AMSTERDAM, Netherlands, Malaysia Airlines reached a settlement agreement with the relatives of most victims who died on Flight MH17 on Sunday, the second anniversary of the crash.


The airline has agreed to pay damages of up to $145,000 to victims’ families as per the Montreal Convention, which regulates air travel. The second anniversary on Sunday was also the deadline for submitting damages claims but now that an agreement has been reached, the process for relatives has come to an end.

No further details will be released because both parties have agreed to secrecy, Veeru Mewa, the lawyer representing victims, said.

In October, the Dutch Safety Board said MH17 was destroyed by a Russian missile fired from territory held by pro-Russian rebels amid the conflict between Russia and Ukraine over Crimea. The board had been investigating the crash of the Boeing 777 since the aircraft went down in Donetsk Oblast, Ukraine, on July 17, 2014, killing all 298 people on board.

Most victims were Dutch. A memorial service was held on Sunday near Amsterdam.

The plane was hit by a Russian-made 9M38 Buk missile, Dutch investigators concluded. The missile hit the front left part of the plane, which broke off entirely.
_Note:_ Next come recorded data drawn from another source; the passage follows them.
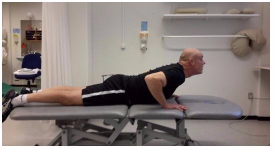 Læg dig på maven. Pacer hænderne under skuldrene, og stræk armene, uden at hofterne løftes fra underlaget. Bøj hovedet bagover, så hele rygsøjlen bliver bøjet bagover i et svaj. Hold positionen i 2-5 sekunder.
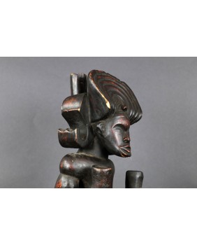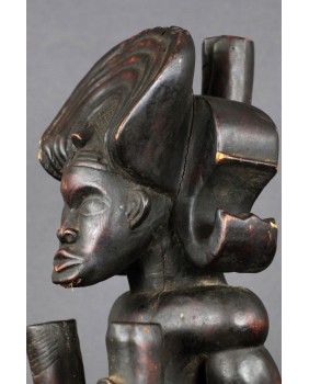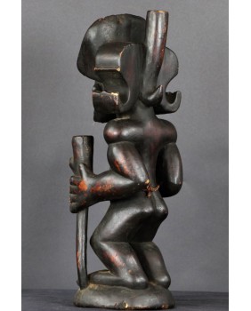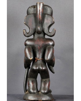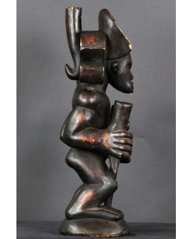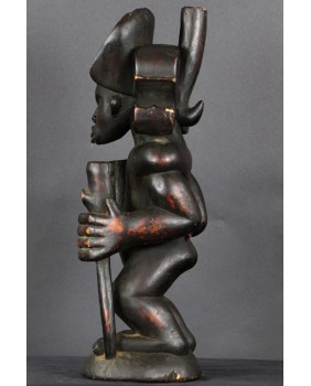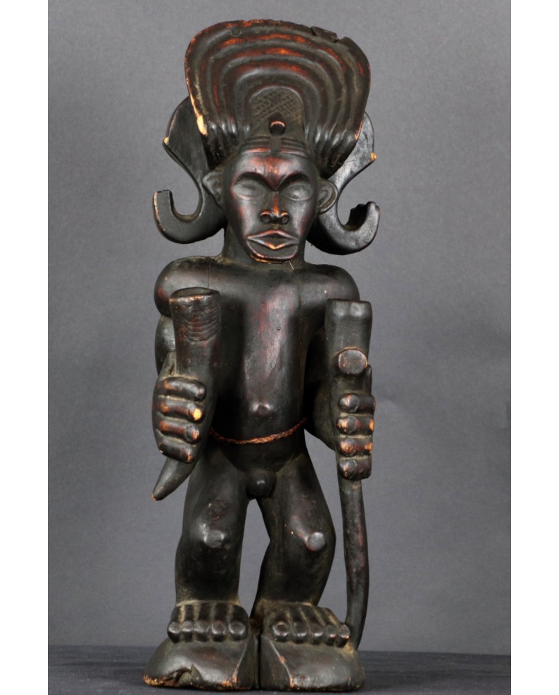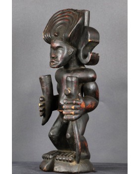 Rzeźba, którą oferuję jest typowym przedstawieniem króla Ilungi. To stojący na ugiętych nogach (jakby gotowy do skoku), muskularny, krępy mężczyzna. Jego głowę zdobi potężna fryzura, rodzaj królewskiej korony. Postać trzyma w ręku kij, symbol władzy i róg antylopy zawierający magiczną substancję, dającą królowi nadprzyrodzone, boskie moce. Rzeźba symbolizuje siłę, męstwo, majestat i inteligencję króla.
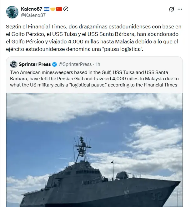 Cabe recordar que Trump pidió escoltar a los buques petroleros para forzar a Irán a dejarlos pasar por el Golfo Pérsico.
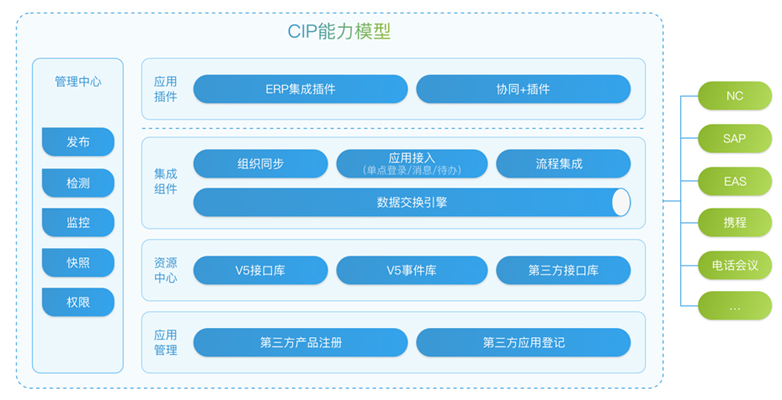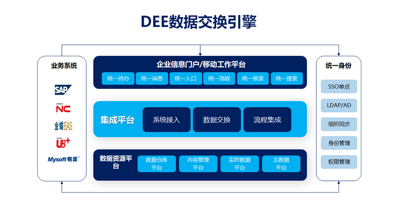 通過(guò)DEE(數(shù)據(jù)交換引擎),實(shí)現(xiàn)V5協(xié)同數(shù)據(jù)與第三方系統(tǒng)(ERP等)的數(shù)據(jù)交換,視化配置方式。
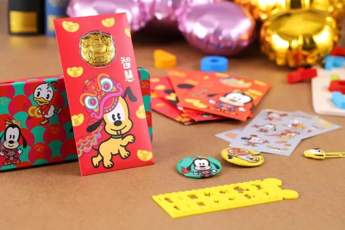 以小狗布鲁托和高飞为主要形象,与2018戊戌年生肖相合;迪士尼卡通形象融合中国传统年俗元素,中西合璧,传承中华千年生肖文化,连年永续,祝福相随。
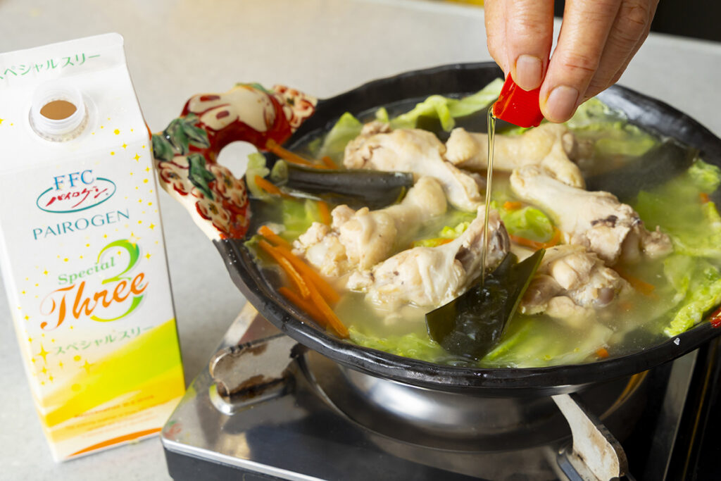 手羽元が煮えたら野菜を入れて、調味料とパイロゲンを。
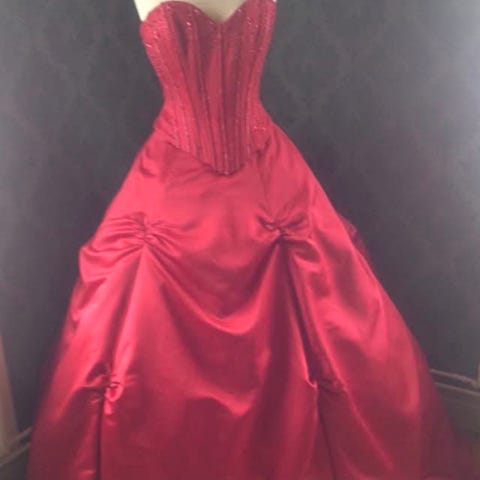 Röd korsett med svarta volanger stl XXL Ny! corset with flounce
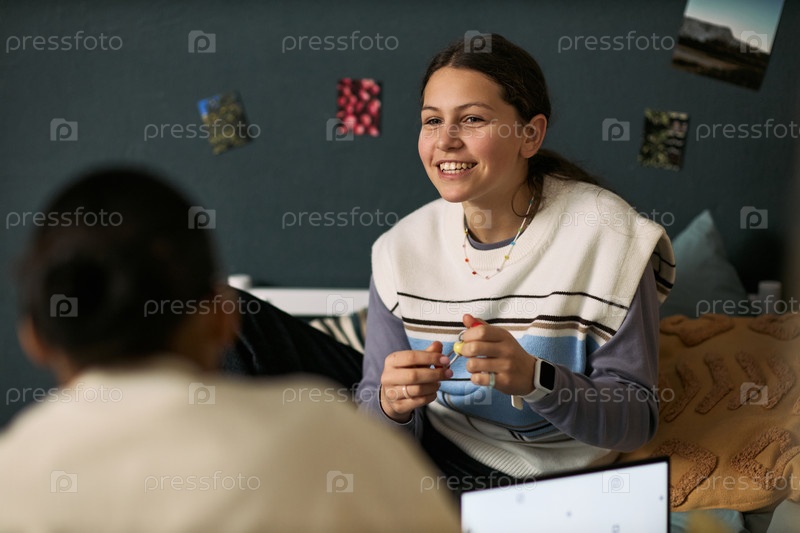 Подростковая девочка улыбается, учась с репетитором во время урока
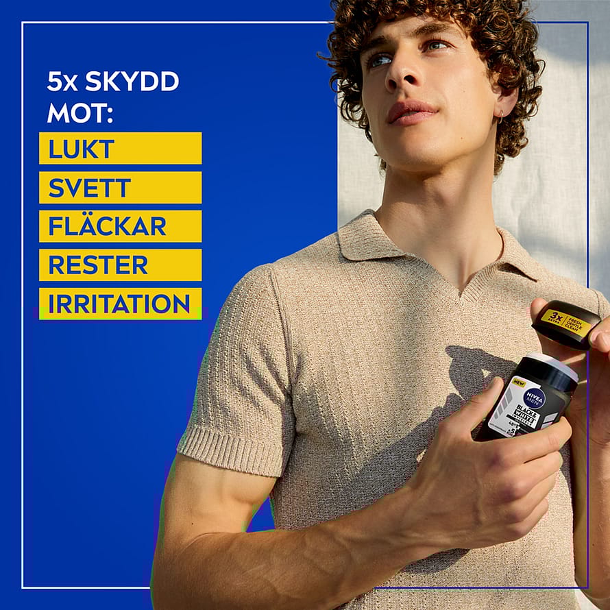 Med sin nye, patenterte emulsjonsteknologi tilbyr NIVEA MEN Black & White Invisible Stick 48 timers pålitelig beskyttelse og smidig påføring. Opplev en deodorant som gir huden en ekstra fresh og ikke-klebrig følelse – passer alle hudtyper. Den dermatologisk dokumenterte og etylalkoholfrie formelen er skånsom mot huden. NIVEA MEN deodorant beskytter mot hvite flekker på sorte klær og gule flekker på hvite klær. Oppdag den nye og moderne designen som er utviklet for en mer intuitiv brukeropplevelse. Den har 25 % mer produktinnhold og 17 % mindre plast per ml (sammenlignet med den tidligere NIVEA Deo-emballasjen).
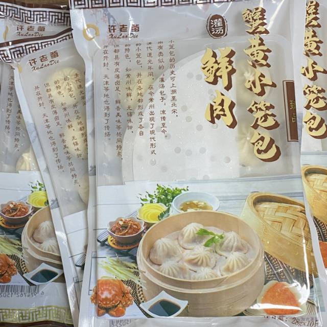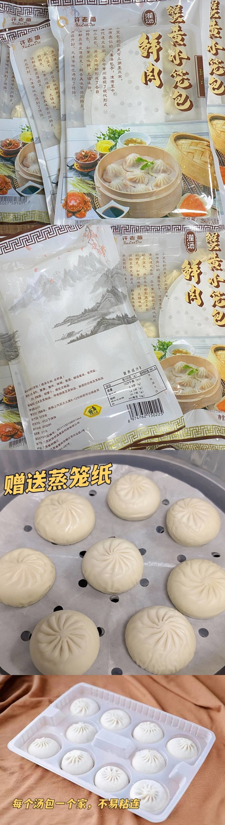 【产品说明】 名称:蟹黄小笼汤包(速冻生制品) 品牌: 许老爹 内物包含:小麦面粉、蟹黄、猪肉、味精、黄酒、酿造酱油、食用盐、饮用水、杏鲍菇、胡萝卜、香辛料、膨化豆制品 过敏原信息:本产品中含有“大豆及制品类”过敏原! 规格:280g/盒 3盒/箱 6盒/箱 产地:江苏省泰州市靖江 生产日期:详情见包装 保质期:12个月 发货地:江苏靖江 发货时长:48h内发货(疫情期间不确定) 快递:顺丰冷运速递 使用方法:无需解冻,水开后小笼包直接上蒸锅,大火蒸八分钟即可 保存方法:-18℃以下保存
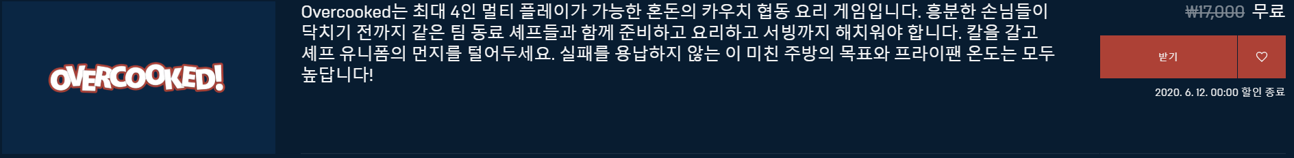 현재 에픽게임즈에서 오버쿡을 무료로 배포중에 있습니다!
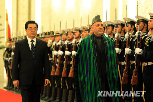 3月24日,中國國家主席胡錦濤在北京人民大會堂舉行儀式,歡迎阿富汗總統(tǒng)卡爾扎伊訪華。新華社記者樊如鈞攝
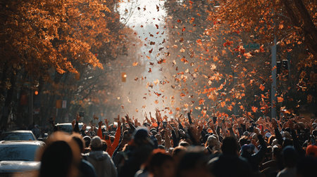 A vibrant outdoor event during autumn, featuring a large crowd gathered to celebrate under colorful fall foliage. The atmosphere is lively with smoke effects, flags, and a big screen displaying entertainment.
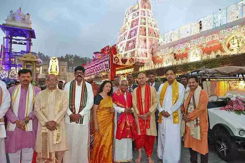 శ్రీవారి ఆలయంలో మారిషస్ దేశాధ్యక్షుడు ధరమ్ బీర్ గోకుల్ కు టీటీడీ చైర్మన్ బీఆర్. నాయుడు, ఇతర అధికారులను టీటీడీ ఈఓ అనిల్ కుమార్ సింఘాల్ పరిచయం చేశారు. ఈ సందర్భంగా ఆలయ విశిష్టత, ఆచారాలు, దర్శనాల వివరాలు వివరించినట్లు తెలిసింది. తిరుమల శ్రీవారి దర్శనంతో మారిషస్ దేశాధ్యక్షుడు ధరమ్ బీర్ గోకుల్ జిల్లాలో రెండు రోజుల ఆధ్యాత్మిక పర్యటన ముగిసింది.
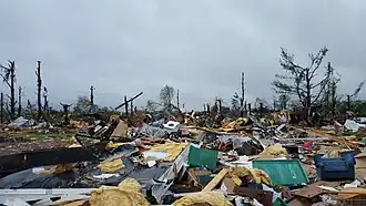 ![]() Remains of a farmhouse that was leveled at high-end EF3 strength near Great Bend, Kansas | |
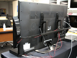 従来のサウンドバーなどでは、狭額縁テレビと組み合わせると画面を遮ってしまうといったことや、テレビ台に設置スペースが確保しづらいといった問題があった。HT-SP100は、その問題を解決するため、テレビ画面の両サイドに“あらかじめくっついてるかのように”設置することで、省スペース性を高めていることが特徴となる。製品には取付アングルが付属し、40型〜70型サイズのAQUOSに取付けることができる。
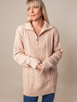 Vilatte Теплый свитер из хлопка с акрилом и золотистой молнией D34.180 св.бежевы
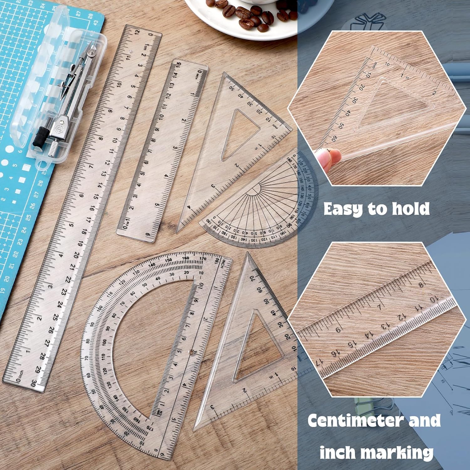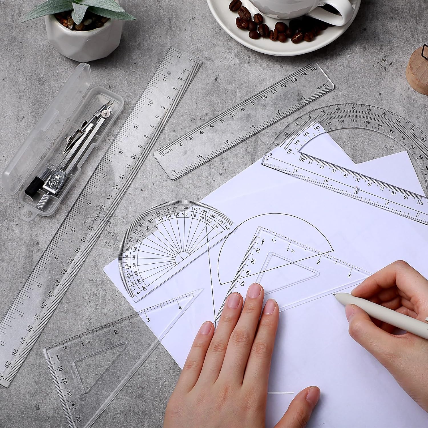 - Versatile and Essential Tools: this compass and protractor are practical tools for drawing circles and measuring angles, respectively, making them a must have for teachers, engineers, designers, artists, among others; This clear plastic ruler set proves to be an indispensable addition to your ruler bulk collection
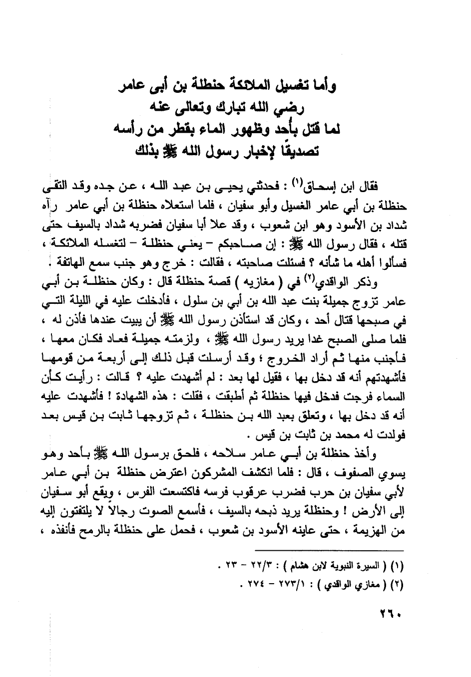 وذكر الواقدي [ (2) ] في (مغازيه) قصة حنظلة قال: وكان حنظلة بن أبي عامر تزوج جميلة بنت عبد اللَّه بن أبي بن سلول، فأدخلت عليه في الليلة التي في صبحها قتال أحد، وكان قد استأذن رسول اللَّه صلّى اللَّه عليه وسلّم أن يبيت عندها فأذن له، فلما صلى الصبح غدا يريد رسول اللَّه صلّى اللَّه عليه وسلّم، ولزمته جميلة فعاد فكان معها، فأجنب منها ثم أراد الخروج، وقد أرسلت قبل ذلك إلى أربعة من قومها فأشهدتهم أنه قد دخل بها، فقيل لها بعد: لم أشهدت عليه؟ قالت: رأيت كان السماء فرجت فدخل فيها حنظلة ثم أطبقت، فقلت: هذه الشهادة! فأشهدت عليه أنه قد دخل بها، وتعلق بعبد اللَّه بن حنظلة، ثم تزوجها ثابت بن قيس بعد فولدت له محمد بن ثابت بن قيس.

The Dutch board said airspace over the area should have been closed.

While the Dutch report confirms that MH17 was downed by a missile — a theory investigators believed possible from the start — it does not address who was responsible for firing the missile.

In January, Russia accused the Dutch Safety Board of incorrectly determining the possible launch site area of the missile that destroyed Flight 17.